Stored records
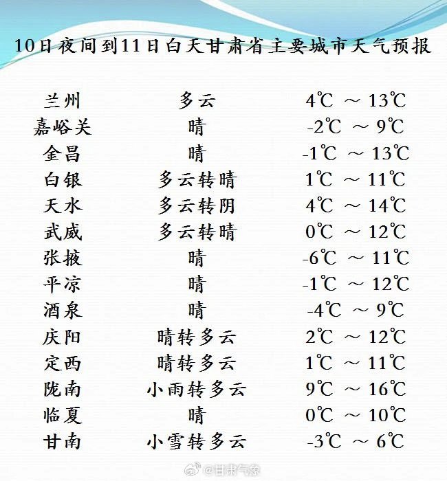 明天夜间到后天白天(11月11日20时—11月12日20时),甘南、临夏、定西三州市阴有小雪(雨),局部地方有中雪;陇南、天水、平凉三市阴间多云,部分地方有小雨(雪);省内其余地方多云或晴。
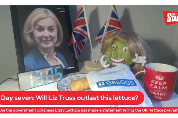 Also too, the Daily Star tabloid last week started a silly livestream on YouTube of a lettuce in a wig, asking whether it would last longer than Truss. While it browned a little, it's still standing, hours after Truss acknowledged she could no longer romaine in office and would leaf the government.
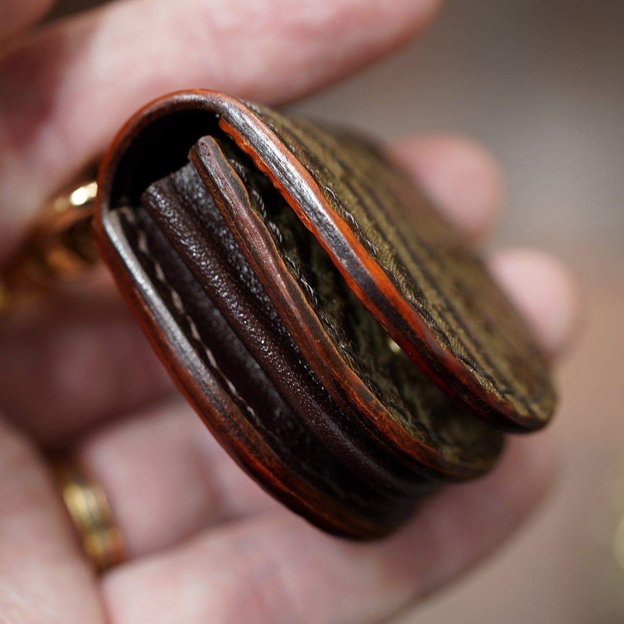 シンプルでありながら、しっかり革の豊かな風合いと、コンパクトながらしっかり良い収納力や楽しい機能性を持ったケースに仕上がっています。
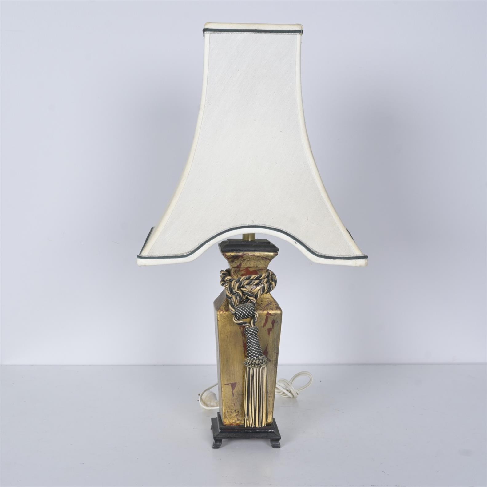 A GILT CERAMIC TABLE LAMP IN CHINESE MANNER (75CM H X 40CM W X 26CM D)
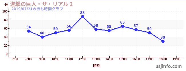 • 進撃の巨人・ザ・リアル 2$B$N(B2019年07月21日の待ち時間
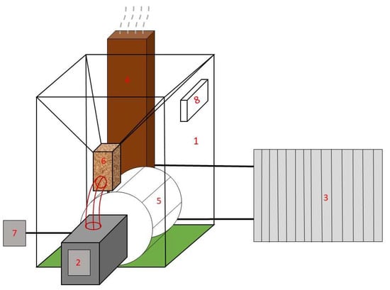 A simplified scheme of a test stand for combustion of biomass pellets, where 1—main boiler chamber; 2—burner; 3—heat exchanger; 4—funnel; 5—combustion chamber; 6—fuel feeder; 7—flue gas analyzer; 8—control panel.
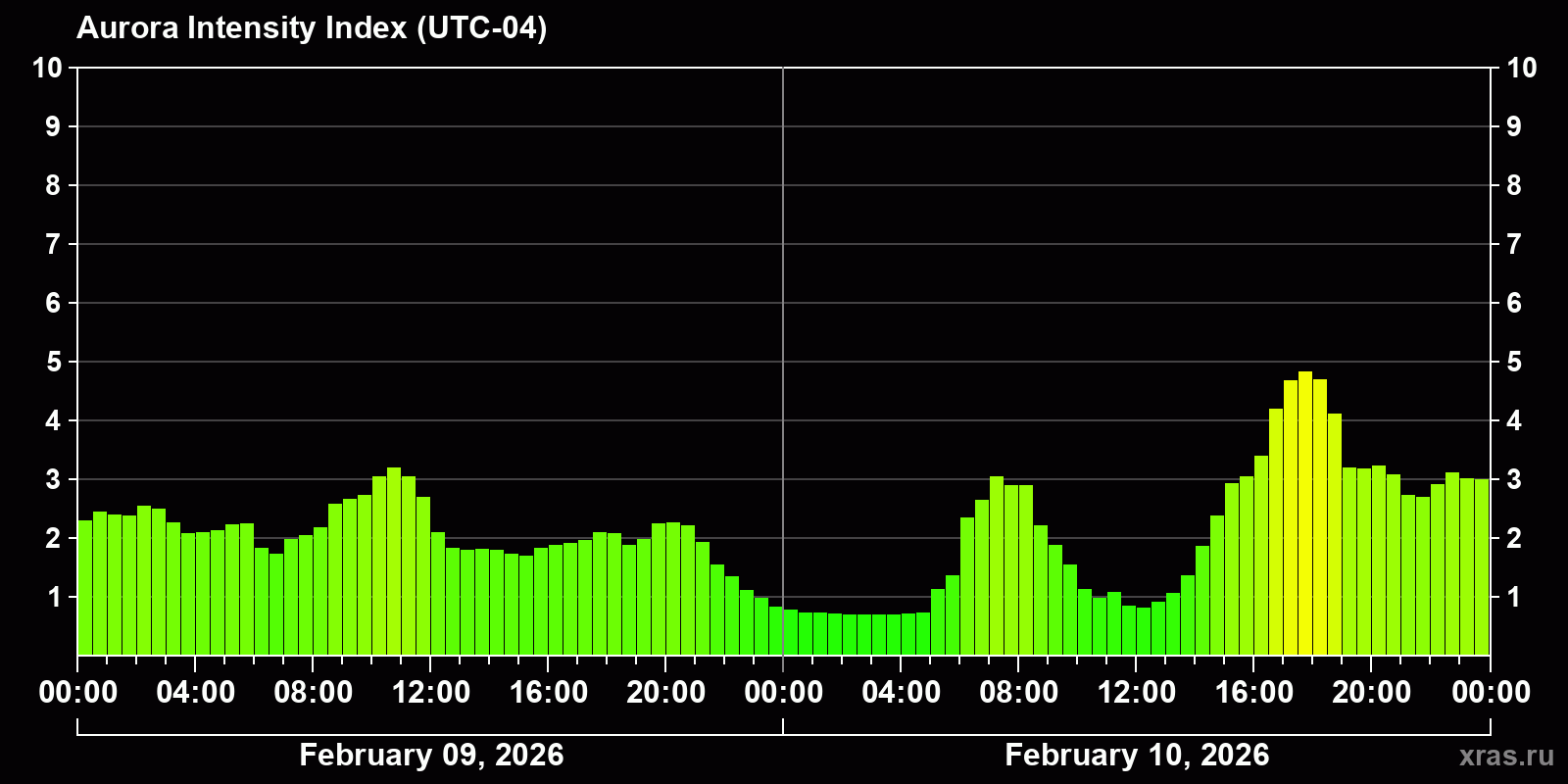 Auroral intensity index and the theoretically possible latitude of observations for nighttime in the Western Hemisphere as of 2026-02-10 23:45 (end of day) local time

(WORK ORDER):
Return the entries verbatim, pictures excluded.

(RESPONSE):
 明天夜间到后天白天(11月11日20时—11月12日20时),甘南、临夏、定西三州市阴有小雪(雨),局部地方有中雪;陇南、天水、平凉三市阴间多云,部分地方有小雨(雪);省内其余地方多云或晴。
 Also too, the Daily Star tabloid last week started a silly livestream on YouTube of a lettuce in a wig, asking whether it would last longer than Truss. While it browned a little, it's still standing, hours after Truss acknowledged she could no longer romaine in office and would leaf the government.
 シンプルでありながら、しっかり革の豊かな風合いと、コンパクトながらしっかり良い収納力や楽しい機能性を持ったケースに仕上がっています。
 A GILT CERAMIC TABLE LAMP IN CHINESE MANNER (75CM H X 40CM W X 26CM D)
 • 進撃の巨人・ザ・リアル 2$B$N(B2019年07月21日の待ち時間
 A simplified scheme of a test stand for combustion of biomass pellets, where 1—main boiler chamber; 2—burner; 3—heat exchanger; 4—funnel; 5—combustion chamber; 6—fuel feeder; 7—flue gas analyzer; 8—control panel.
 Auroral intensity index and the theoretically possible latitude of observations for nighttime in the Western Hemisphere as of 2026-02-10 23:45 (end of day) local time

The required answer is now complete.